The prosecutor in his findings of fact referred to this situation and stated that he could "arrive at but one conclusion from the information contained in exhibit 3, (sic — meaning presumably exhibit 7) namely: That nonveterans hired after McManus and Spaleny were hired were retained after McManus and Spaleny were discharged and continued to perform similar tasks to those that McManus and Spaleny had been performing." In reaching his conclusion that the discharge of plaintiffs by the commission was a violation of the act he stated as follows:
"I do not believe that the rule laid down in Brand v. CommonCouncil of the City of Detroit, 271 Mich. 221, applies here. If a public employer can employ a veteran to perform a certain type of work and later employ a nonveteran to perform that same type of work and then discharge the veteran on the ground that due to the change of seasons there was no work for him, and still retain the nonveteran as an employee, then the purpose of the veterans' preference act is circumvented, whether intentional or not. If this simple subterfuge can be lawfully invoked by a public employer, at will, then I know of no circumstance or set of circumstances under which the veterans' *Page 657 preference act can be of any benefit whatever to a veteran. I do not believe it is the intent of the veterans' preference act that a position or a job can be abolished in this manner, when the principal result of such a procedure, is to substitute a nonveteran, for a veteran in public employment.

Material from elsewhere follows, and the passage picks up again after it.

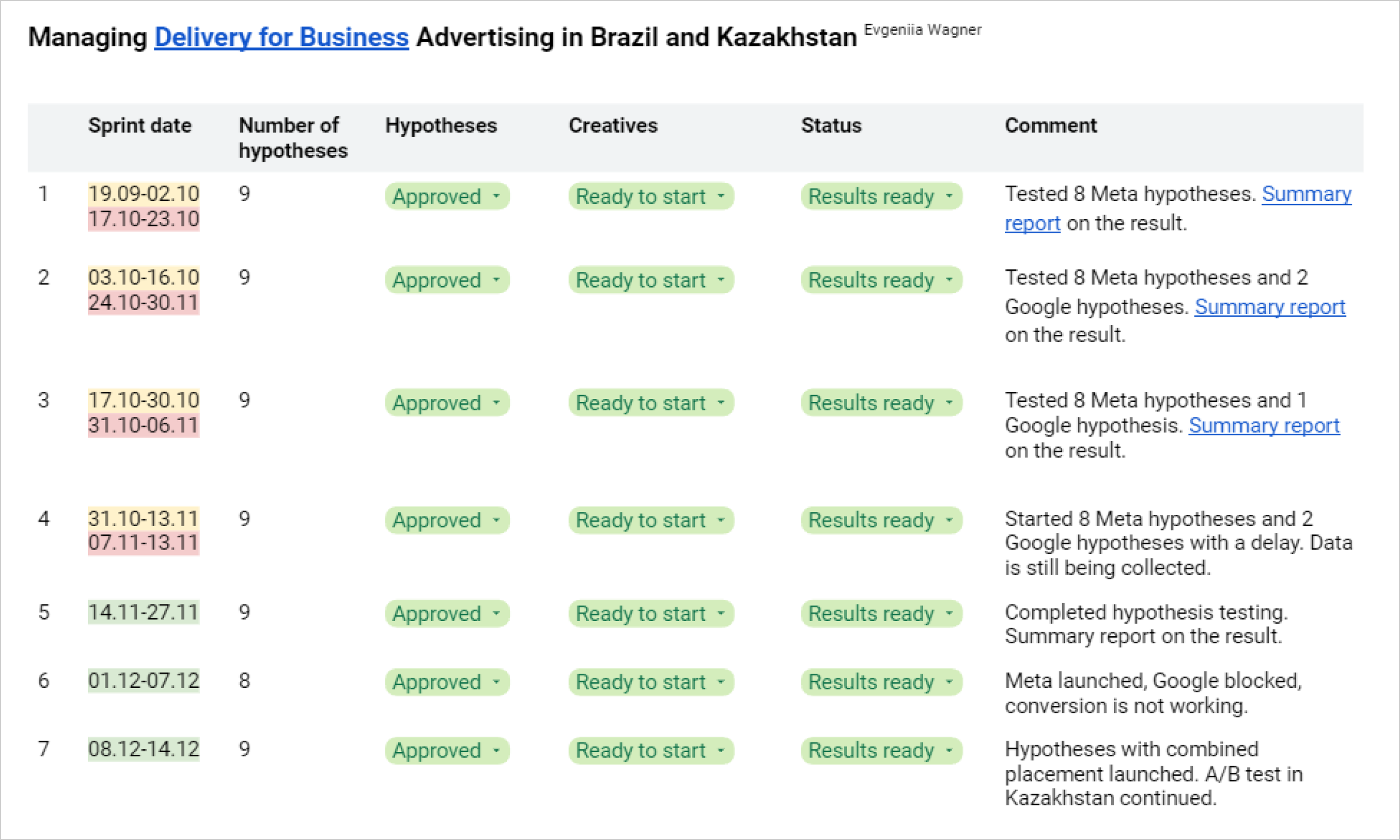 «We structured our workflow to ensure everyone knew about the project's progress. We reviewed sprint results together weekly, keeping the inDrive team informed about expenses and changes. Each meeting followed a specific structure. We started by examining absolute and relative project figures: the outcomes of testing new hypotheses and the impact of optimization hypotheses. We also analyzed our progress toward target metrics and discussed strategies to reduce customer acquisition costs and generate more leads.

"In Walkling v. Smith, 276 Mich. 193, it is held among other things that `the veterans' preference act does not regulate terms of employment but relates to the status as established; creating nothing nor prolonging public employment beyond public need.'
"However, on November 15, 1946, there was still public need for employees to do the same type of work McManus and Spaleny had been doing and nonveterans hired after they had been hired were still retained to do this work. Therefore, there was still public need for this type of work."
There is no claim by the commission that plaintiffs were discharged because of incompetency. Even so, by providing a probationary period of one year when employees are hired, the purpose of the veterans' preference act, in absence of a claim of incompetency, could be defeated. The commission relies, among other authorities, on Walkling v. Smith, 276 Mich. 193, in which the Court said:
"Employment, designated temporary in authorization and appointment, and accepted, negatives permanency and reserves the right of determination by the employer as to time of continuance."

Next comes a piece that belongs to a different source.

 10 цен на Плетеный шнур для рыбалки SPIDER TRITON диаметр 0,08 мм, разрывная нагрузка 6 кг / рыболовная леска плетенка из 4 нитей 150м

However, that case is distinguishable for the reason that in the instant one, according to the facts as found by the prosecutor, plaintiffs did not accept temporary employment. There is competent testimony in the record to support this finding.

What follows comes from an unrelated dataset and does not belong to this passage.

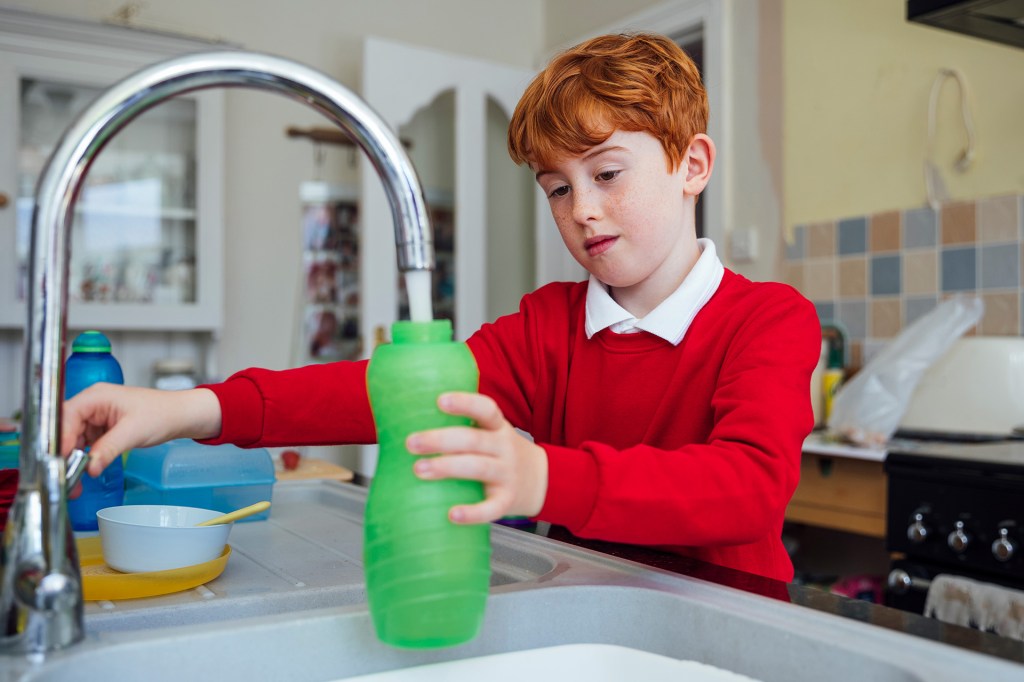 Buy things that can be used more than once. This water bottle can be used over and over.
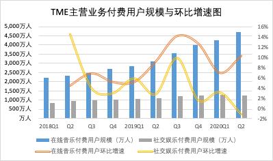 只过了三年,两大业务在财务数据上的反映迥然不同。一方面是在线音乐业务与社交娱乐付费用户规模只到千万级,且高ARPU的社交娱乐业务陷入增长瓶颈,在线音乐业务环比增速没能出现爆点。

Brand v. Common Council of the City of Detroit, 271 Mich. 221, also relied upon by the commission, is *Page 658 a case where the position claimant had been holding, and was competent to hold, was abolished and no new person was appointed in his place. Nor are the conditions imposed by Smith v. FlintCity Commission, 258 Mich. 698, present in the instant case. The positions held by plaintiffs were not abolished, as is evidenced by nonveterans still performing the same work that they had been doing. It also clearly appears that there was no lack of work of the nature being performed by them at the time they were discharged. We do not hold that the commission is to be prevented from "screening" their men, that being essential to efficient operation.
We are constrained, however, to hold, in the absence of any showing of incompetency or lack of work, that the prosecuting attorney of Genesee county reached the proper conclusion under the evidence presented to him, that his order that plaintiffs must be reinstated to the positions they held prior to their discharge should be affirmed. This, however, without costs, no brief having been filed by appellees.